To illustrate the controversy in the literature, we also summarized the reported conclusions of various studies on the influenza antibody response (Fig.
3). Two previous reviews directly combined the various results in literature on the effect of latent CMV-infection on the antibody response to influenza vaccination [
4,
29]. Frasca et al. (2015) and Merani et al. (2017) refer to some of the studies included in our systematic review and describe the effect of CMV on influenza antibody vaccine responses as controversial or ambiguous. Despite this, both reviews come to the conclusion that CMV does affect the immune response to influenza vaccination [
4,
29]. In addition, Merani et al. discuss possible methods to reduce the impact of immunosenescence on influenza vaccine responses by anti-CMV strategies [
29]. The controversy in the literature and the difficulty to compare different influenza antibody outcomes in different studies highlight that a systematic approach is necessary.
The strength of our review lies in its systematic approach. This allowed us to synthesize all the available evidence (until 27th June 2017) on this particular question and to eliminate the effect of potential publication bias. Instead of merely summarizing the conclusions in literature, we extracted the published data in three standardized outcome variables of influenza antibody response, separated per age group.
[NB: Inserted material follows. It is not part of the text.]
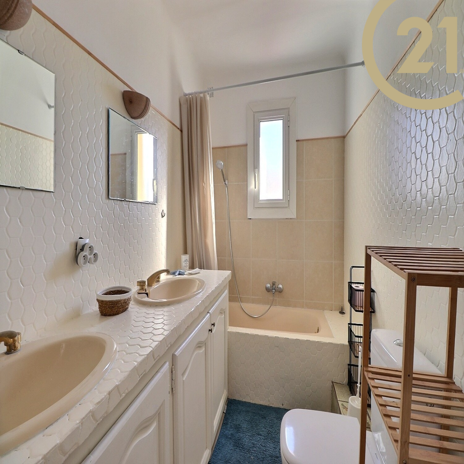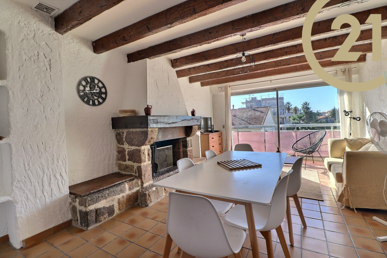 VENTE - SAINT-RAPHAËL - à proximité du centre ville, appartement 3 pièces d'une surface de 83m2 avec une exposition sud et une vue dégagée. Le séjour bénéficie de lumière grâce aux deux grandes baies vitrées et du charme des poutres apparentes et de la cheminée. Les deux chambres sont spacieuses :11m2 et 22m2. Idéalement situé, au calme, proximité du ocllège Alphonse Karr et du centre ville de Saint-Raphaël à pied. Un parking privatif complète ce bien. Très peu de charges. 2ème et dernier étage sans ascenseur. Ce bien n'a pas de terrasse, il est possible de prevoir des travaux pour créer une loggia dans le sejour exposé sud qui est spacieux.

Furthermore, whenever possible, we assessed the data of each study per influenza strain. By this, we included multiple records per study and not only the record on which the authors’ conclusion was based. To the best of our knowledge, only two new articles came out that investigated the effect of latent CMV infection on the influenza antibody response since the systematic search of this review (27th June 2017). Merani et al. (sept 2017) concluded that there is no difference in influenza GMR between CMV-seronegative and CMV-seropositive individuals, while CMV-seropositive individuals do show an impaired cellular granzyme B response to influenza virus challenge [
64]. We published in Van den Berg et al. (January 2018) that there is no negative effect of CMV infection on the antibody response to a novel influenza vaccine strain in adults [
65]. Both studies will not change the conclusion of this systematic review that there is no unequivocal evidence for an effect of CMV infection on the antibody response to influenza vaccination.
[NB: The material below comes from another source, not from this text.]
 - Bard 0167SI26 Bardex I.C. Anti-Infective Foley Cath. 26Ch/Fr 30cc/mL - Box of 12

In this review, the direct association between CMV infection and the influenza antibody vaccine response is investigated. Several mechanisms of a potential negative effect have been postulated, based on the known effects of CMV infection on the immune system and the subsequent potential impact on the influenza vaccine response [
47,
58]. CMV infection leads to increased pro-inflammatory cytokine levels, which in turn are associated with decreased influenza vaccine responses [
29]. Likewise, CMV infection leads to increased differentiation of T cells, which has been associated with poor influenza vaccination responses [
25,
53]. It has also been reported that CMV infection is associated with decreased switched B cell percentages before influenza vaccination, and subsequently lower influenza vaccine responses [
32]. In contrast, De Bourcy et al. (2017) suggested a potential mechanism for the positive effect of CMV on the antibody influenza vaccine response reported in Furman et al.: based on B-cell repertoire analyses, CMV infection is associated with more activated B cells after influenza vaccination.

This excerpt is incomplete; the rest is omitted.